We know BrazosTweaker does nothing even though everything says i have 3 billion GHz. Are there even any ways to overclock the damn thing? At 1.65 GHz it just feels like it has no grunt at all and my SSD just doesn't have the chance to breathe properly. End result is sluggish everything and even though i don't need a workstation from it, i could really use some more power here and there...

I have COMPAQ CQ57-381EM exactly with Windows 8.1 64bit. What are my options?


----------



## Mathragh (Nov 8, 2013)

Don't think you'll have much luck, unless you can find/make some custom bios somewhere, or do some hardware/pinmod. No idea how to though,.

Furthermore, actual overclocking of brazos hasn't been terribly succesfull, so even if you somehow manage to unlock it, sadly theres apparently not much to be had from this small core.


----------



## newtekie1 (Nov 8, 2013)

The main issues are that the multiplier is locked and the BCLK is linked to PCI-E and SATA bus(like Intel does).  So even if you find something that lets you adjust the BLCK higher via software, you aren't going to get very far.  Which is why you'll find even boards with overclocking built into the BIOS only get about 10% overclocks, you'll be really lucky if you get 15%.

BrazoTweaker is designed to lower the clock speed, basically forcing lower power states and multipliers, to extend battery and lower heat output.  It isn't designed to raise the clock speed.


----------



## RejZoR (Nov 9, 2013)

Why would i want to lower the clock on an already slow and power efficient chip? Besides, i can force 800MHz clock via CCC anyway...


----------



## Melvis (Nov 9, 2013)

Is your RAM running at 1600MHz by chance?


----------



## newtekie1 (Nov 9, 2013)

RejZoR said:


> Why would i want to lower the clock on an already slow and power efficient chip? Besides, i can force 800MHz clock via CCC anyway...

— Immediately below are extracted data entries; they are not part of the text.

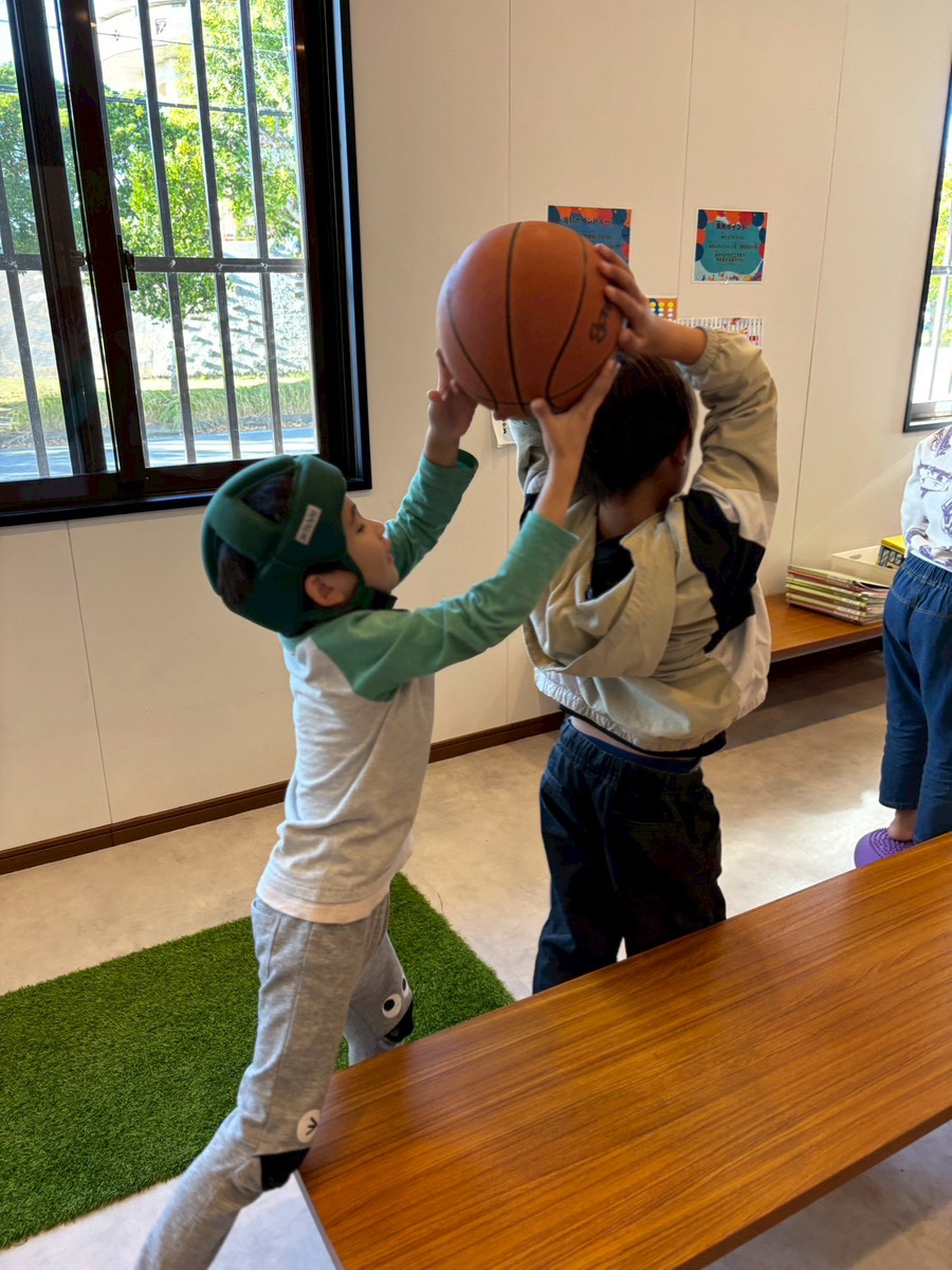 プリントに取り組む前の準備運動として、ボールを使ったレクリエーションを行いました。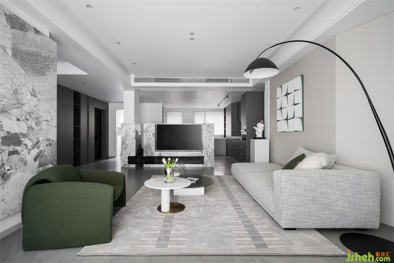 整個(gè)大客廳區(qū)域在低飽和灰調(diào)的鋪敘下,采取墨綠色作為點(diǎn)綴,安靜且酷,勾勒出簡約靈動(dòng)的空間氛圍。客廳墻面的抽象立體掛畫與幾何構(gòu)圖式地毯相互對應(yīng),搭配極具藝術(shù)格調(diào)的裝置物件、不規(guī)則的單扶三人位沙發(fā),配以休閑的地臺(tái),愜意的休閑生活方式,也兼顧生活中小憩功能的儀式感。
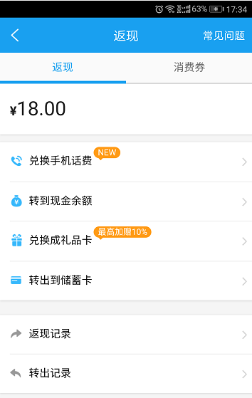2、点击“返现”,页面将跳转如下截图,可以查看目前帐号上的返现金额是18元。

Longer battery life, if you aren't doing anything that needs the power.  Even the E-450 is way overpowered for just browsing the web and writing up Word documents.


----------



## RejZoR (Nov 9, 2013)

You do know that it's running at 800MHz 99% of the time i you're not doing anything demanding anyway? Forcing it to run at 800MHz is only when you need battery life regardless of performance (if you run something demanding but you need battery life). But even there, you don't need BrazosTweaker to do that, CCC can do the same thing...


----------



## cdawall (Nov 9, 2013)

Your pretty screwed with that chip as was said bus clocking is limited heavily by what all it controls. You can give setfsb a chance. You can't change the multi up so that about what you are stuck with. Cpu is also soldered to the board so a pin mod isn't happening.


----------



## bencrutz (Nov 9, 2013)

yep, cdawall pretty much said everything.

brazostweaker isnt for overclocking but for battery saving instead by setting lower vcore on the respective power states


----------